There has been placed before me a Dissent to. the Courts holding, written by my colleague, Judge Brett. The Dissent closes with the observation that this Court should hold “that males under eighteen years of age who are charged with the commission of a crime, are — like females — juveniles.”

Cannot it be as logically argued that with the lowering of the voting age; with the advent of eighteen year olds serving on juries and passing judgment of their fellow man, that this Court should not follow what seems to be a National trend and also lower the age of juveniles to sixteen, or even fifteen?

Have we, in this so-called enlightened time, forgotten the basic structure of our Republic?

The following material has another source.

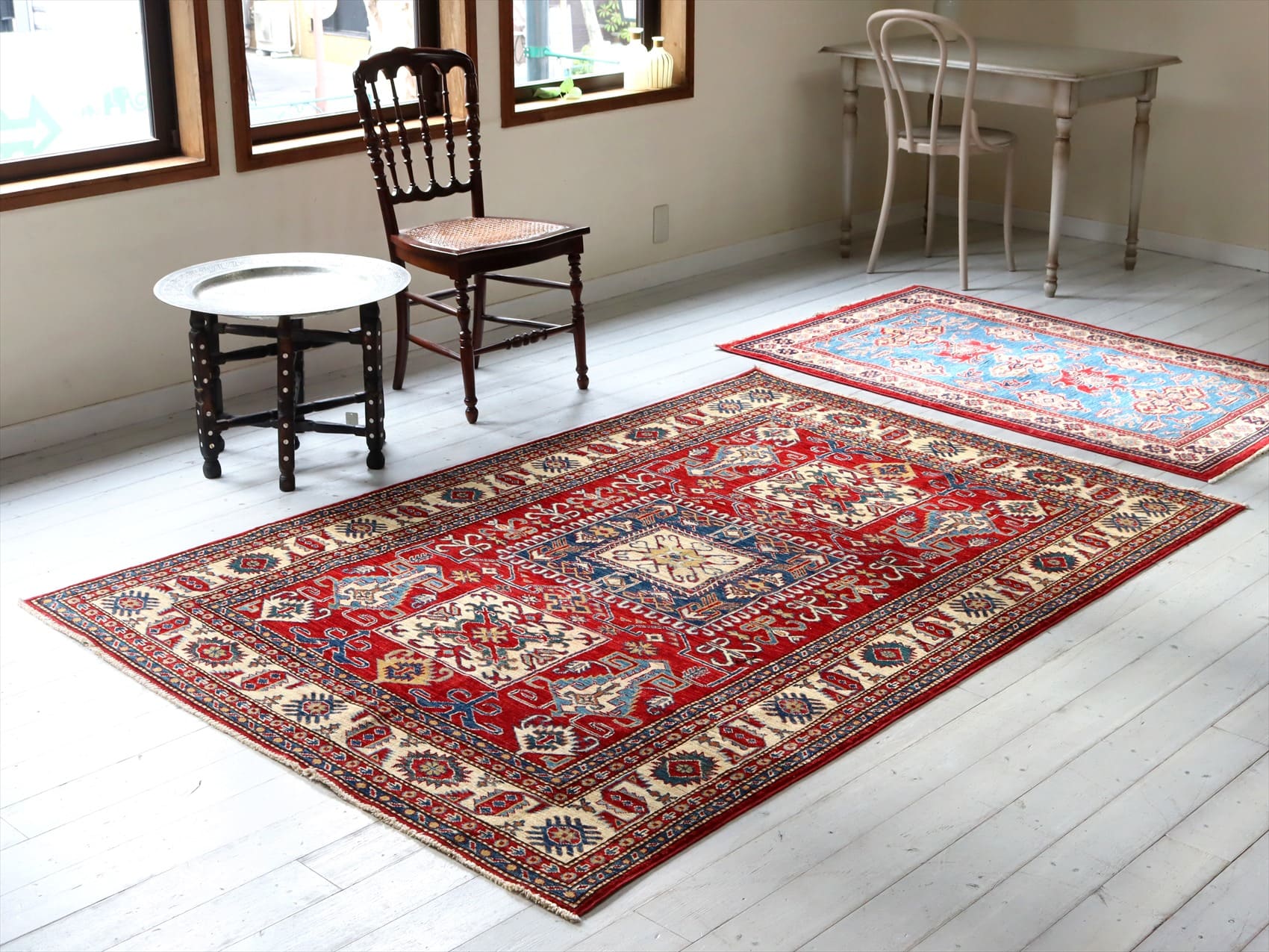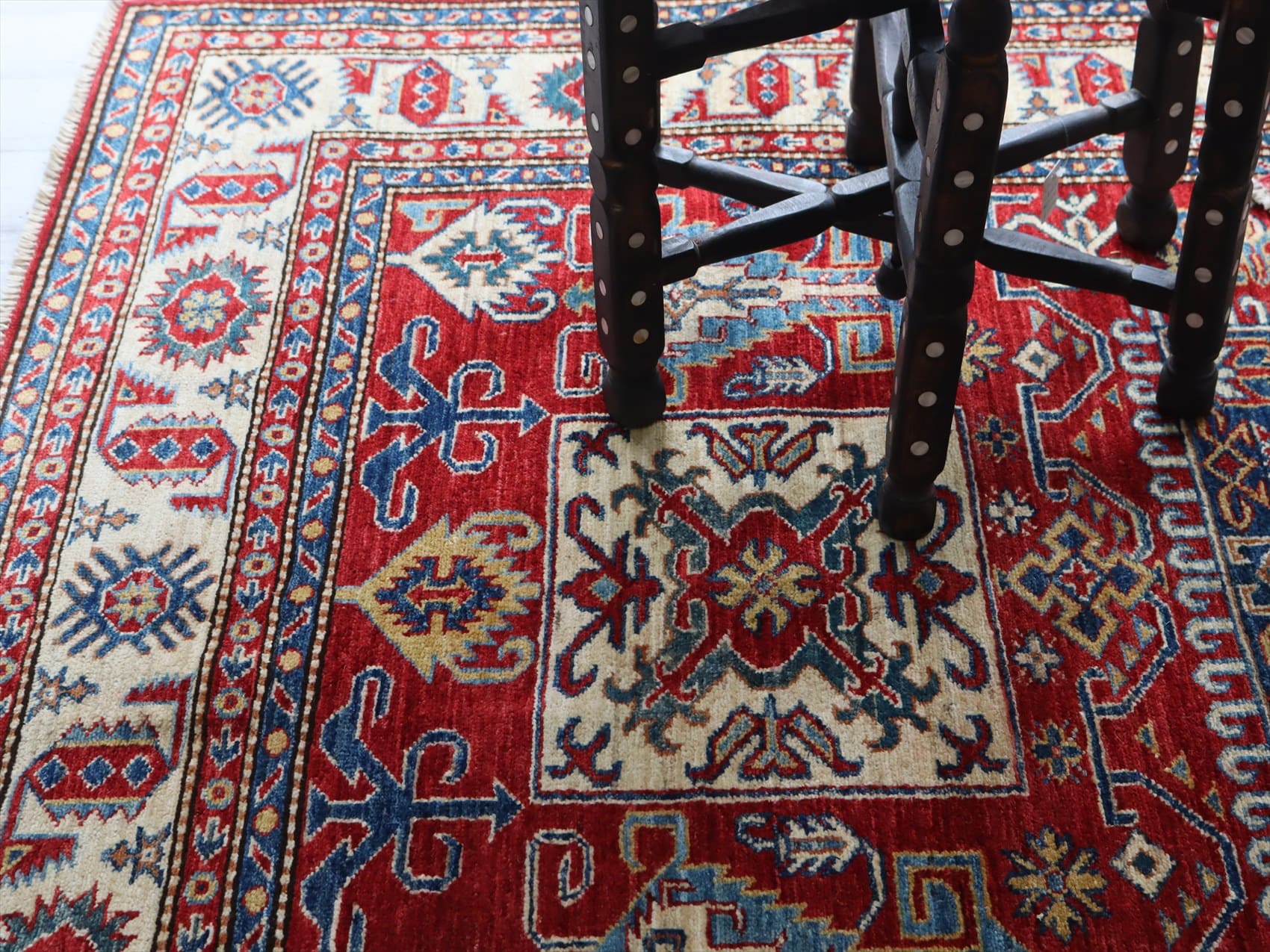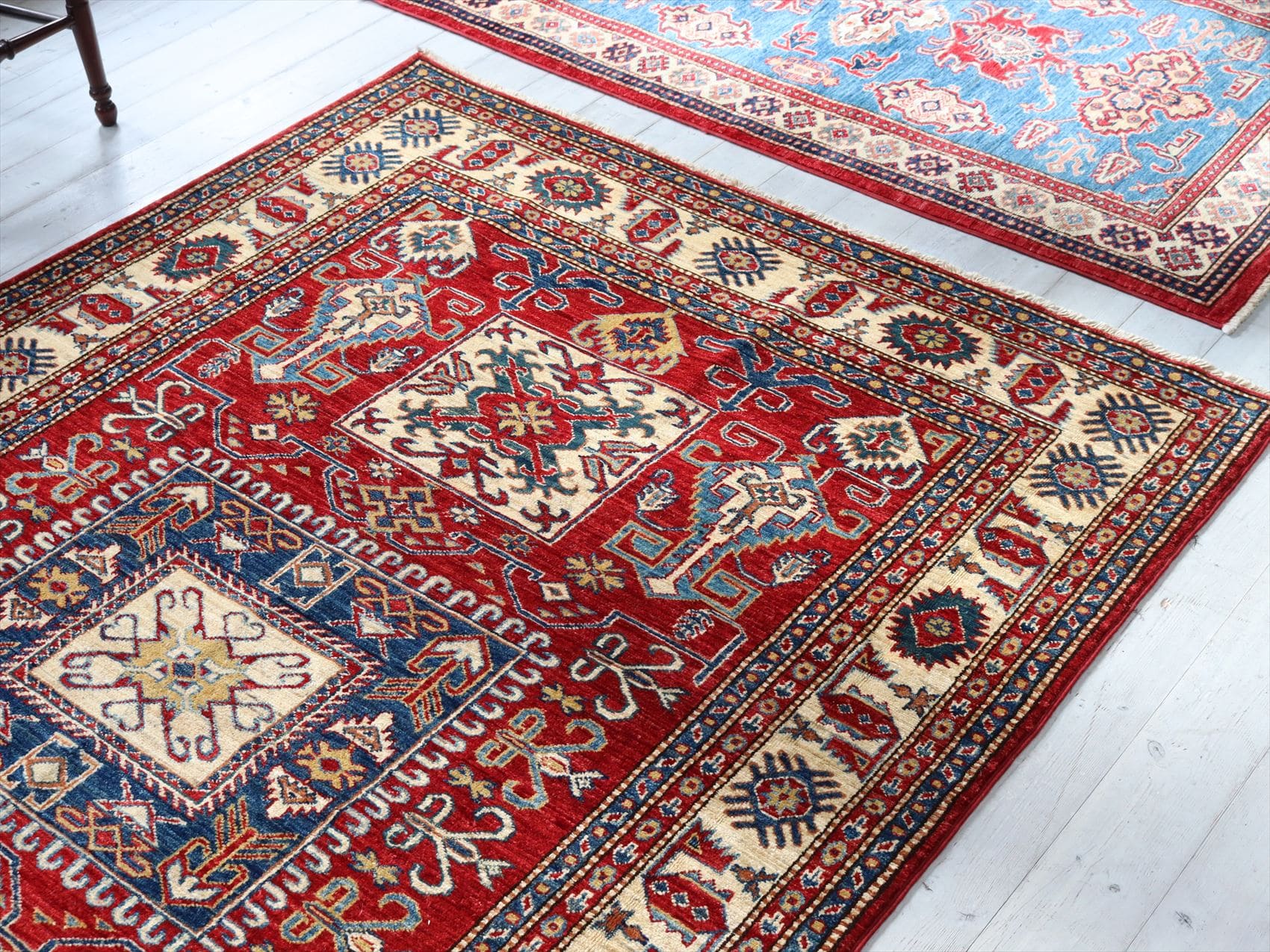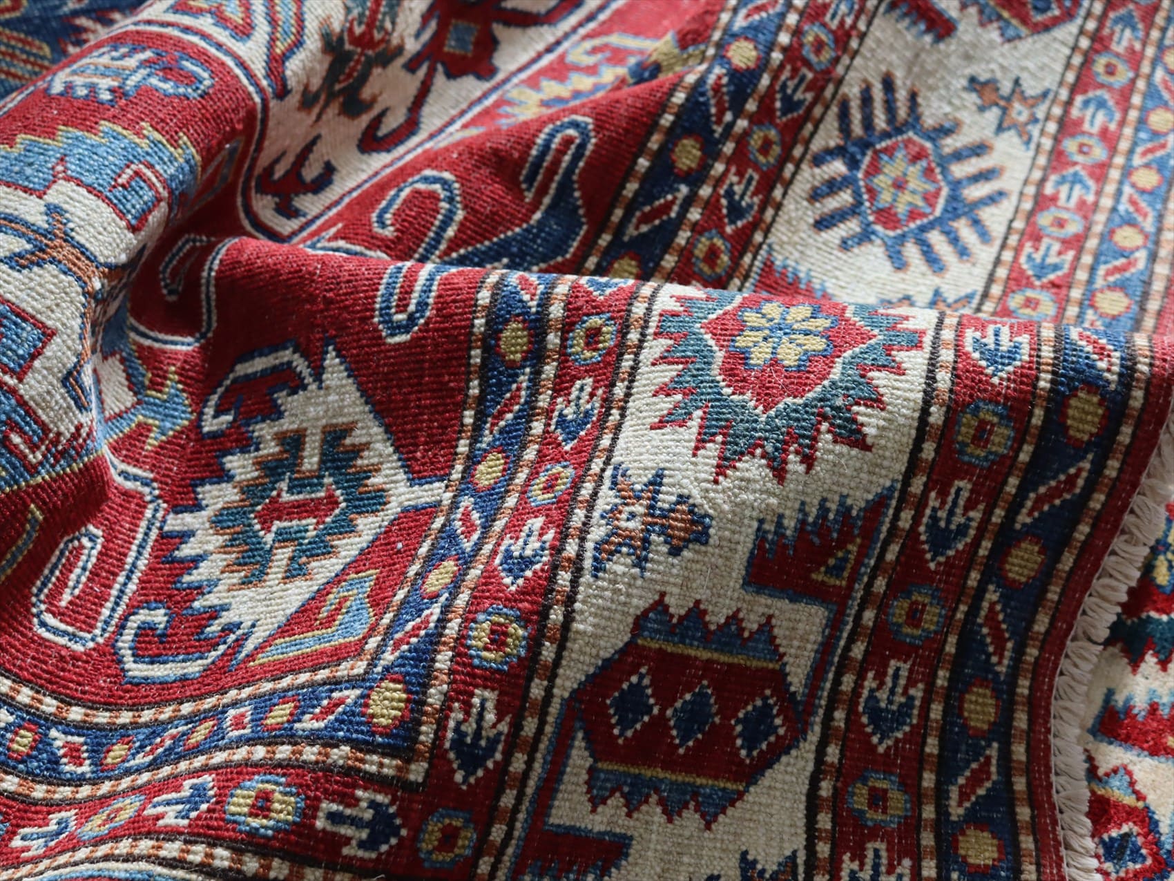 | じゅうたんコレクターの間で特に人気の高い、コーカサス地方のアンティークカーペットのデザインを再現した、リプロダクションです。トルコに近い言語を話すアゼルバイジャン地方のじゅうたんは、デザインも比較的トルコに近く、細かな幾何学模様を組み合わせたものが多く見られます。 天然の染料を使って、少し使い込んだような色ムラのあるアンティーク風に織られています。 |

Are we to ignore the fundamental constitutional concept of separation of powers between the Legislative, Executive, and Judicial branches of government?

Clearly, the establishment of a non-discriminatory age to govern juvenile proceedings is a matter of public policy, and rests exclusively with the Legislature and not with the Courts. Unquestionably, one of the major areas of public discontent with the judiciary is the tendency on the part of some judges to substitute their own “legislative judgment” for that of constitutionally formed and acting Legislatures.